DRAGONBALLVINTAGE said:


> Discord then?



I don't know...I don't anything. No FB, TWtT, INS, yada-yada.

Mebbe we should build a back-up plan?


----------



## drenal (Jul 19, 2019)

DRAGONBALLVINTAGE said:


> @drenal R.I.P. GBATemp where are we going after shutdown?


MySpace


----------



## H1B1Esquire (Jul 20, 2019)

drenal said:


> Space



Well....we could make an app for GBAtemp......GBAtemp MS (message service).


----------



## Chary (Jul 20, 2019)

How could you spread such lies  what would Costales think?


----------



## DRAGONBALLVINTAGE (Jul 20, 2019)

Chary said:


> How could you spread such lies  what would Costales think?



I'm just a insider.....


----------



## H1B1Esquire (Jul 21, 2019)

Chary said:


> How could you



I could say the same 

It's okay, but you can't have any Gummi Worms.


----------



## HarveyHouston (Jul 21, 2019)

*Whaaaat?!?*  _I just got here! _You can't shut this place down! I'm the official GBAtemp Rock Band Custom guy for a reason! 

So, what does this mean? Is all progress going towards another site where we can talk about hacking video games? Would somebody explain to me please why this is happening?!?


----------



## drenal (Jul 21, 2019)

HarvHouHacker said:


> *Whaaaat?!?*  _I just got here! _You can't shut this place down! I'm the official GBAtemp Rock Band Custom guy for a reason!
> 
> So, what does this mean? Is all progress going towards another site where we can talk about hacking video games? Would somebody explain to me please why this is happening?!?


We go to Myspace


----------



## HarveyHouston (Jul 21, 2019)

Flame said:


> 3DStemp where is at now.


You mean here? http://3dstemp.rf.gd/

So far, there's nothing, but I already like the dark interface. Will most of the stuff from here be moved over to there? I really don't like the idea of losing my posts (again; this has happened to me once before).


----------



## Deleted User (Jul 22, 2019)

HarvHouHacker said:


> You mean here? http://3dstemp.rf.gd/
> 
> So far, there's nothing, but I already like the dark interface. Will most of the stuff from here be moved over to there? I really don't like the idea of losing my posts (again; this has happened to me once before).



Hey there bud, I'm pretty sure this is all just a joke. Look around at all these jokers, look at their profile pics. I don't think that the leadership behind GBAtemp is just gonna call it quits and die, without telling everyone it's going to happen.

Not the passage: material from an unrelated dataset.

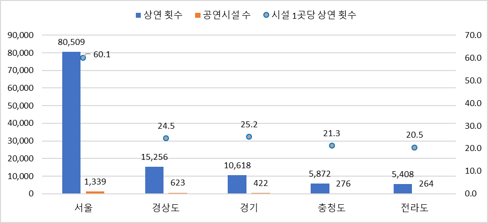 공연장 숫자만 봐서는 잘 모르겠다면, 공연시설 한 곳당 실제로 몇 번 공연이 열렸는지를 계산해보는 것도 좋은 방법이에요.

--------------------- MERGED ---------------------------

Just look up myspace and you'll understand


----------



## HarveyHouston (Jul 22, 2019)

MicmasH_Wii said:


> Hey there bud, I'm pretty sure this is all just a joke. Look around at all these jokers, look at their profile pics. I don't think that the leadership behind GBAtemp is just gonna call it quits and die, without telling everyone it's going to happen.
> 
> Just look up myspace and you'll understand


All I see on their homepage is a bunch of media garbage, and doing a search for GBAtemp pulls up nothing remotely similar to games.

Say, what is this? Is this really a joke or what? I'm now just simply confused...


----------



## Deleted User (Jul 22, 2019)

HarvHouHacker said:


> All I see on their homepage is a bunch of media garbage, and doing a search for GBAtemp pulls up nothing remotely similar to games.
> 
> Say, what is this? Is this really a joke or what? I'm now just simply confused...


Well, Myspace was a big deal, and then it died and I guess became a meme. What's comedy gold is that first post.
Plus shuanj66 saying he's got conformation from "shawn" ...
This is actually a pretty funny thread, it's all satire so don't worry about it.

Sorry guys for killing your thread but you've gone too far


----------



## HMAlice_McNeil (Jul 22, 2019)

The End of GBAtemp? Nah. I came here to start GBAtemp again and fix the mistakes of the old GBAtemp.


----------



## Chary (Jul 22, 2019)

everyone knows the EOF has only truth and facts. never jokes. ever.


----------



## HarveyHouston (Jul 22, 2019)

If this is a joke, it's a very nasty one. It should either be confirmed valid, the OP should say "Ha Ha! Just kidding!", or this whole thread deleted. I would take things like this very seriously.

I hope we get a confirmation soon on this. Too many think this is a prank.


----------



## Souperman9 (Jul 22, 2019)

HarvHouHacker said:


> If this is a joke, it's a very nasty one. It should either be confirmed valid, the OP should say "Ha Ha! Just kidding!", or this whole thread deleted. I would take things like this very seriously.
> 
> I hope we get a confirmation soon on this. Too many think this is a prank.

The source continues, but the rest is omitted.